Instructions to follow: Could you repeat all of the entries exactly, leaving out any pictures?

Data records:
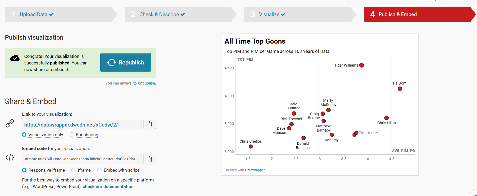 When complete, click Publish & Embed to complete the publishing of the plot. Here you click Publish (or Republish).
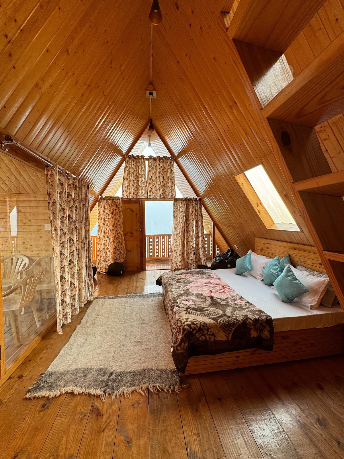 Get away from it all when you stay under the stars. What You’ll Love - ★ Close to nature ★ Cozy master bedroom and Balcony ★ Attic with second bed ★ Beautiful wooden architecture ★ Wi-Fi ★ Delicious in-house food service ★ Garden with bonfire area Please note - - Breakfast, meals, room heaters, bonfire, and other services are charged separately and are not included in the stay price. - Please note, there is 100 meters trek from parking spot to the property. We will pick your luggage.
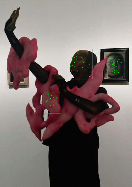 На экране спрятаны полиморфные объекты-детали, из которых зрители собирают свои инсталляции. Они управляются через веб-камеру, которая считывает движения игроков.
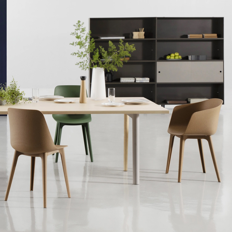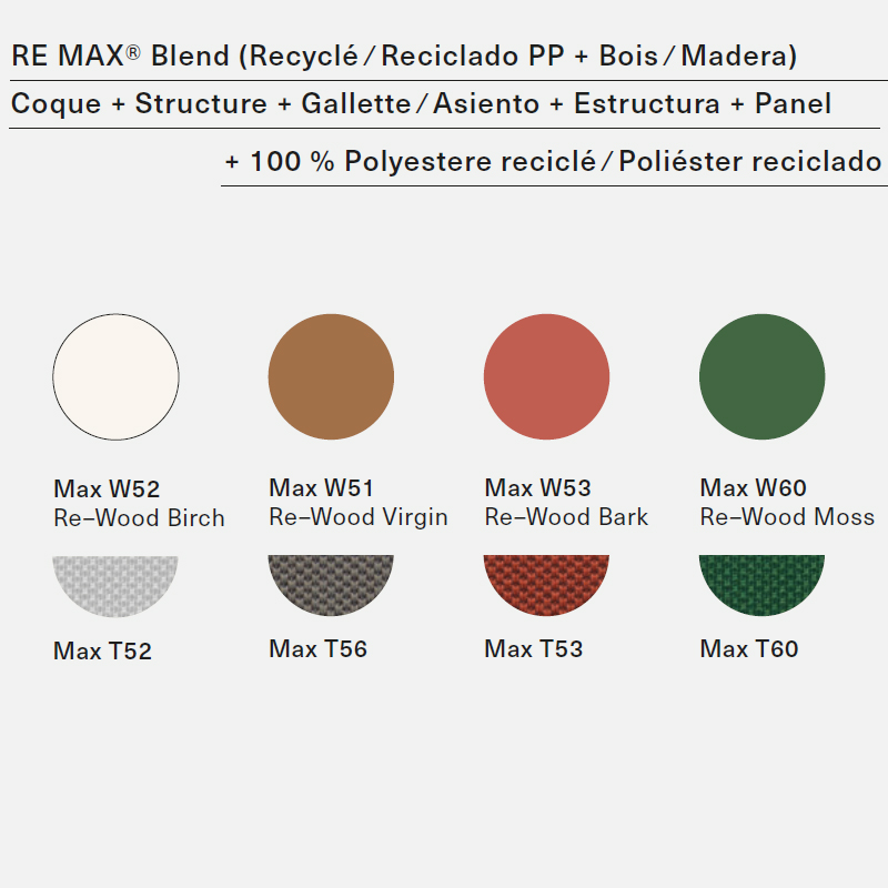 Détails : L'association des composants, des matériaux et des produits eux-mêmes est une sorte d'attitude de mélange et d'assortiment. Il s'agit d'un programme ouvert et adaptatif motivé par la recherche du confort, de la polyvalence et de la durabilité. Nous considérons notre collection en relation avec la multitude de contextes et de combinaisons possibles qui se cachent derrière les besoins et les projets. La collection comprend RE MAX®, le nouveau matériau fabriqué à partir de PP et de bois 100 % recyclés.
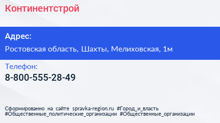 Континентстрой по адресу Ростовская область, Шахты, Мелиховская, 1м в дальнейшем Организация, размещена в следующих категориях:
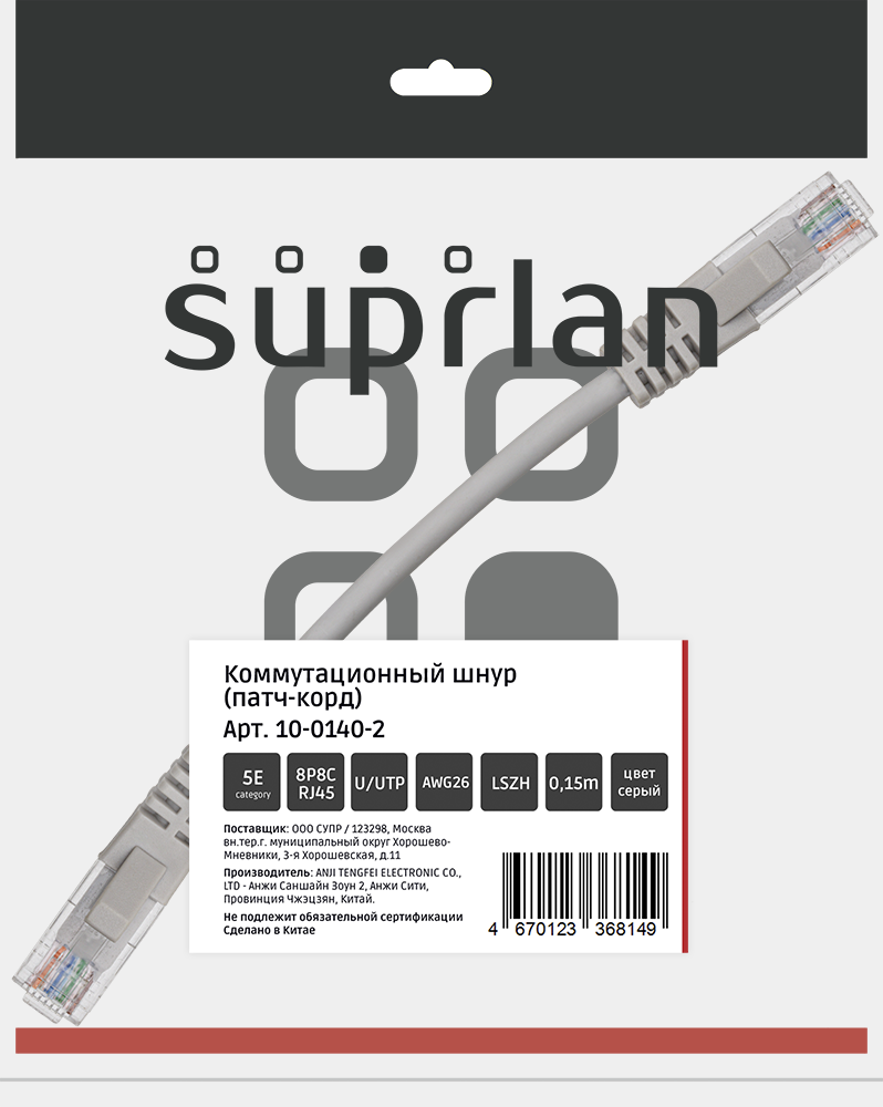 Патч-корд SUPRLAN UTP 5e 4x2 26AWG (7x0.16mm) Cu LSZH серый 0,15м
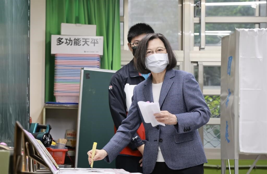 香港新聞網11月26日電 台灣地區“九合一”選舉今天(26日)投票,台當局領導人蔡英文上午在新北市永和秀朗小學進行投票。期間,她呼籲民眾踴躍投票,用手上的一票決定台灣的未來。
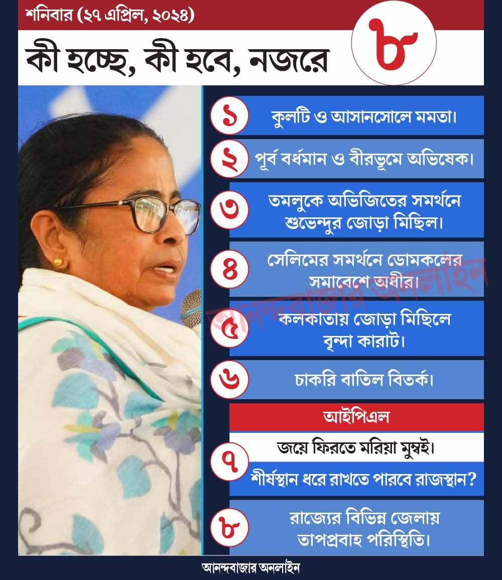 শুক্রবার দ্বিতীয় দফার ভোট মিটেছে। পরের দফার ভোটের লক্ষ্যে ইতিমধ্যেই প্রচার শুরু করেছেন সব দলের প্রথম সারির রাজনীতিকেরা। আজও জেলায় জেলায় কর্মসূচি রয়েছে মমতা বন্দ্যোপাধ্যায়, অভিষেক বন্দ্যোপাধ্যায়, শুভেন্দু অধিকারী, অধীর চৌধুরী, মহম্মদ সেলিমদের। মমতা আসানসোল লোকসভা কেন্দ্রে জোড়া সভা করবেন আজ। তৃণমূলের সেনাপতি অভিষেকেরও দু’টি সভা রয়েছে। একটি পূর্ব বর্ধমানের জামালপুরে, অন্যটি বীরভূমের দুবরাজপুরে। তমলুকের বিজেপি প্রার্থী তথা প্রাক্তন বিচারপতি অভিজিৎ গঙ্গোপাধ্যায়ের সমর্থনে সেখানে জোড়া মিছিল করবেন বিরোধী দলনেতা শুভেন্দু। মুর্শিদাবাদ কেন্দ্রের সিপিএম প্রার্থী সেলিমের সমর্থনে ডোমকলের জনসভায় হাজির থাকবেন প্রদেশ কংগ্রেস সভাপতি তথা বহরমপুরের কংগ্রেস প্রার্থী অধীর। কলকাতায় দু’টি মিছিলে অংশ নেবেন সিপিএম নেত্রী বৃন্দা কারাট এবং জওহরলাল নেহরু বিশ্ববিদ্যালয়ের এসএফআই নেত্রী ঐশী ঘোষ।

Written solution:
 When complete, click Publish & Embed to complete the publishing of the plot. Here you click Publish (or Republish).
 Get away from it all when you stay under the stars. What You’ll Love - ★ Close to nature ★ Cozy master bedroom and Balcony ★ Attic with second bed ★ Beautiful wooden architecture ★ Wi-Fi ★ Delicious in-house food service ★ Garden with bonfire area Please note - - Breakfast, meals, room heaters, bonfire, and other services are charged separately and are not included in the stay price. - Please note, there is 100 meters trek from parking spot to the property. We will pick your luggage.
 На экране спрятаны полиморфные объекты-детали, из которых зрители собирают свои инсталляции. Они управляются через веб-камеру, которая считывает движения игроков.
 Détails : L'association des composants, des matériaux et des produits eux-mêmes est une sorte d'attitude de mélange et d'assortiment. Il s'agit d'un programme ouvert et adaptatif motivé par la recherche du confort, de la polyvalence et de la durabilité. Nous considérons notre collection en relation avec la multitude de contextes et de combinaisons possibles qui se cachent derrière les besoins et les projets. La collection comprend RE MAX®, le nouveau matériau fabriqué à partir de PP et de bois 100 % recyclés.
 Континентстрой по адресу Ростовская область, Шахты, Мелиховская, 1м в дальнейшем Организация, размещена в следующих категориях:
 Патч-корд SUPRLAN UTP 5e 4x2 26AWG (7x0.16mm) Cu LSZH серый 0,15м
 香港新聞網11月26日電 台灣地區“九合一”選舉今天(26日)投票,台當局領導人蔡英文上午在新北市永和秀朗小學進行投票。期間,她呼籲民眾踴躍投票,用手上的一票決定台灣的未來。
 শুক্রবার দ্বিতীয় দফার ভোট মিটেছে। পরের দফার ভোটের লক্ষ্যে ইতিমধ্যেই প্রচার শুরু করেছেন সব দলের প্রথম সারির রাজনীতিকেরা। আজও জেলায় জেলায় কর্মসূচি রয়েছে মমতা বন্দ্যোপাধ্যায়, অভিষেক বন্দ্যোপাধ্যায়, শুভেন্দু অধিকারী, অধীর চৌধুরী, মহম্মদ সেলিমদের। মমতা আসানসোল লোকসভা কেন্দ্রে জোড়া সভা করবেন আজ। তৃণমূলের সেনাপতি অভিষেকেরও দু’টি সভা রয়েছে। একটি পূর্ব বর্ধমানের জামালপুরে, অন্যটি বীরভূমের দুবরাজপুরে। তমলুকের বিজেপি প্রার্থী তথা প্রাক্তন বিচারপতি অভিজিৎ গঙ্গোপাধ্যায়ের সমর্থনে সেখানে জোড়া মিছিল করবেন বিরোধী দলনেতা শুভেন্দু। মুর্শিদাবাদ কেন্দ্রের সিপিএম প্রার্থী সেলিমের সমর্থনে ডোমকলের জনসভায় হাজির থাকবেন প্রদেশ কংগ্রেস সভাপতি তথা বহরমপুরের কংগ্রেস প্রার্থী অধীর। কলকাতায় দু’টি মিছিলে অংশ নেবেন সিপিএম নেত্রী বৃন্দা কারাট এবং জওহরলাল নেহরু বিশ্ববিদ্যালয়ের এসএফআই নেত্রী ঐশী ঘোষ।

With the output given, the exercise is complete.